Date Schroeder§ Topic Blundell^2§ Gould&Tob.§ Stowe§
Sept. 2 1.1-1.2 Temperature (T), ideal gas, 0th law 1 1,  2.4-2.5
Sept. 4 1.3-1.4,1.7 Equipartition,work,1st law, heat conduction 2 1,2.6-2.11 4,10A,B
Sept. 9 1.5-1.6* Quasistatic processes, heat capacity C     6A,8C
Sept. 11 1.6,2.1-2.3 Latent heat,  simple models,  probability 28.1 3.1-3.5(not3.4.2)
Sept. 16 2.4-2.5 Large systems, probability (continuous) 3.6-3.8 3
Sept. 18 2.6 Entropy; reversible vs. irreversible 12,14 2.12-2.19(not2.14) 7D,E
Sept. 23 3.1-3.2 More on entropy, rel'n to T, C, etc. 4 8D
Sept. 25 3.3 Paramagnetism, Curie law, negative T 17.3 5.1-5.2 17
Sept. 30 3.4 Pressure,  mechanical equilibrium, Boltzmann factor
Oct. 2 3.5 (1.7), 4.1 Diffusive equilib. & chemical potential; Carnot cycle 13G
Oct. 7 4.2-4.3 Refrigerators; efficiency; real engines (Otto, Diesel) 13 2.14 13A-F,HJ
Oct. 9 5.1,1.6 Free energies as available work; thermo identities; enthalpy; QUIZ 16 9F
Oct. 14 5.2-5.3 Free energies as force toward equilib.
Oct. 16 5.3-5.4 Phase transitions of pure substances; van der Waals eqn & phase diagram & liquid-gas transition 26.1 7.4 10F3,14D3
Oct. 21 5.4-5.5(bits)*

Mixtures,phase diagrams,solubility gaps

Oct. 23 6.1-6.2 Boltzmann factor, partition function Z 20
Oct. 28 6.3-6.4 Paramagnetism, equipartition, Maxwell speed distrib. 19 6.3-6.5
Oct. 30 6.5-6.7 More on Z, quantum length, Z of gas 21  
Nov. 4   Midterm  
Nov. 6 7.1;7.2 Grand canonical ensemble & Gibbs factor; Bosons & fermions 22.3-22.4; 29,30.1 6.6-6.7 1B
Nov. 11 7.3 Degenerate Fermi gas 30.2 6.11.1
Nov. 13 7.3 Fermi gas at "low" temperature 6.11.2 22C,D
Nov. 18 7.4 Planck distrib., blackbody radiation, photon gas; quiz 30.3 6.10 9
Nov. 20 7.5 Debye model of solids, compare phonons & photons 24 6.12.2 22A,B
Nov. 25 7.6 Degenerate Bose gas 30.3
Nov. 27 Thanksgiving
Dec. 2 7.6 Bose-Einstein condensation 30.4 6.13 24B1
Dec. 4   Trapped atoms, 24B2
Dec. 9   Superfluids, Ising model; quiz
Dec. 11 8.2 Ising model as interacting system; mean field thry; review 5.2--5.6
Dec. 19 Final exam, in normal classroom (1402), 1:30-3:30

*Skipping Chap. 1: pp. 43-48; chap. 4: 134-148; chap. 5: pp. 196-199, 202-205, 209-219

Added information:

“If you are experiencing difficulties in keeping up with the academic demands of this course, contact the Learning Assistance Service, 2202 Shoemaker Building, 301-314-7693. Their educational counselors can help with time management, reading, math learning skills, note-taking and exam preparation skills.
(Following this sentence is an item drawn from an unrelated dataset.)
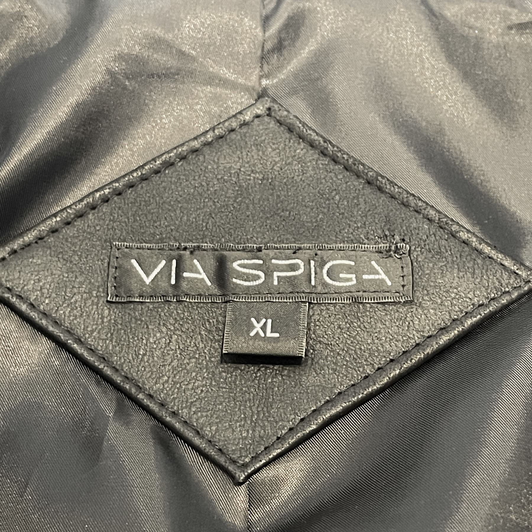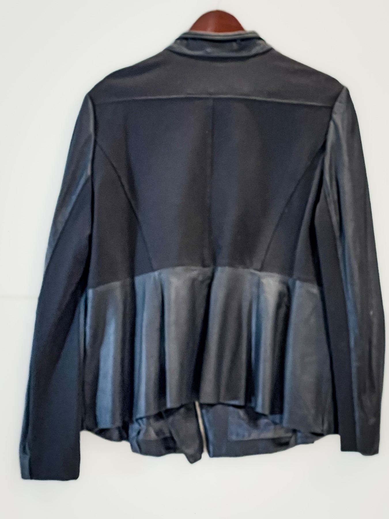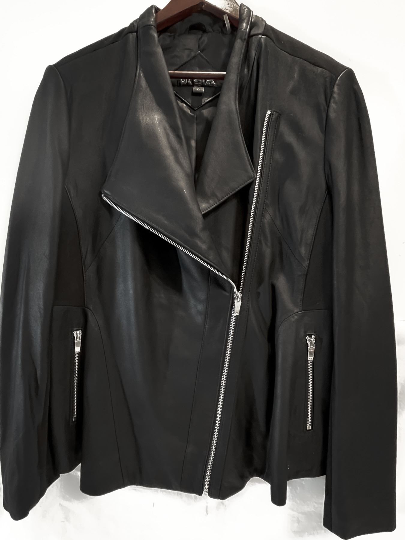 Stunning Via Spiga women’s moto-style leather jacket in supple black lamb leather, size XL. Features an asymmetrical front zip, silver hardware, and a beautifully tailored peplum-style back for a flattering silhouette. The combination of soft leather and stretch panels provides both comfort and shape. Fully lined and in excellent condition
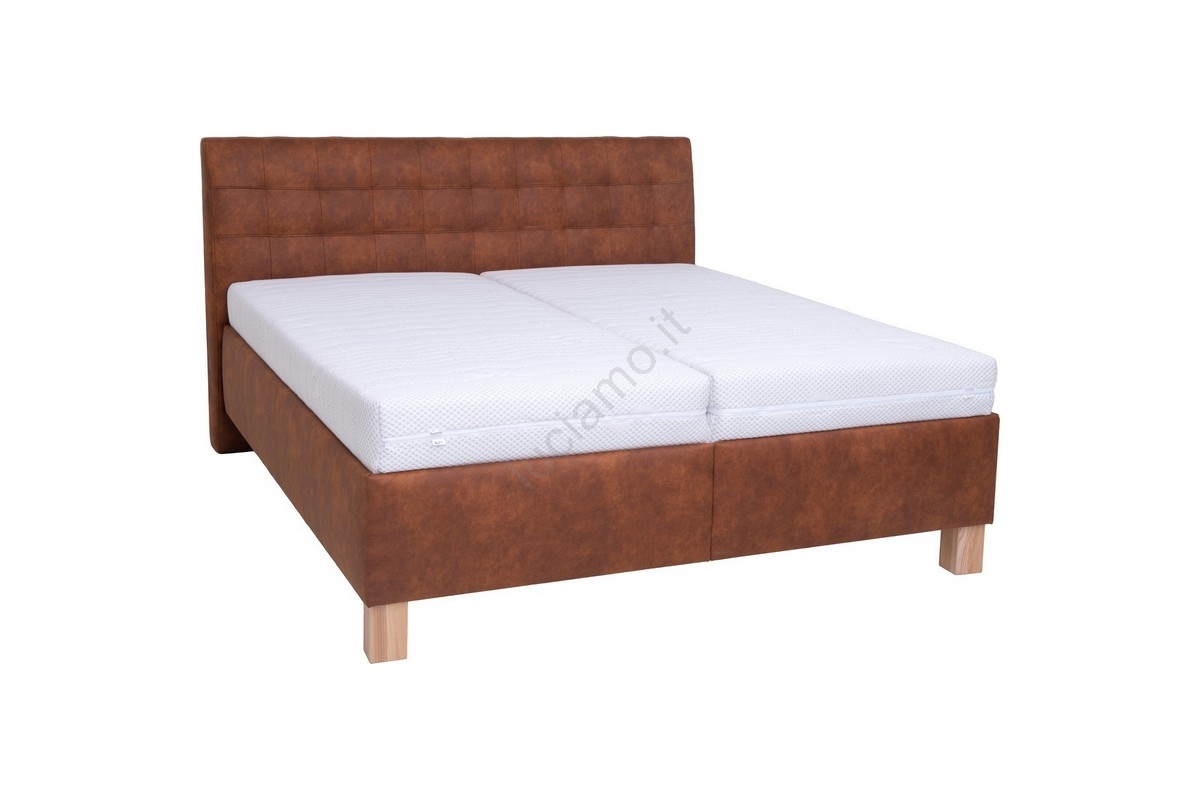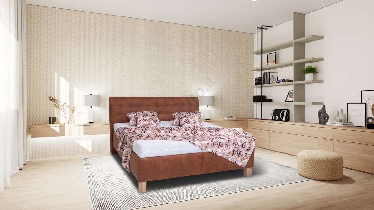 • Letto imbottito VIOLET 160x200 cm con materasso e contenitore, colore cognac

All their services are free to UMD students.” Note also that the UMD Counseling Center is one of the best in the USA.

Honor Code (added at the behest of the Student Honor Council):

The University of Maryland, College Park has a nationally recognized Code of Academic Integrity, administered by the Student Honor Council. This Code sets standards for academic integrity at Maryland for all undergraduate and graduate students. As a student you are responsible for upholding these standards for this course. It is very important for you to be aware of the consequences of cheating, fabrication, facilitation, and plagiarism. For more information on the Code of Academic Integrity or the Student Honor Council, please visit .

To further exhibit your commitment to academic integrity, remember to sign the Honor Pledge on tests (but not homework): "I pledge on my honor that I have not given or received any unauthorized assistance on this examination (assignment)."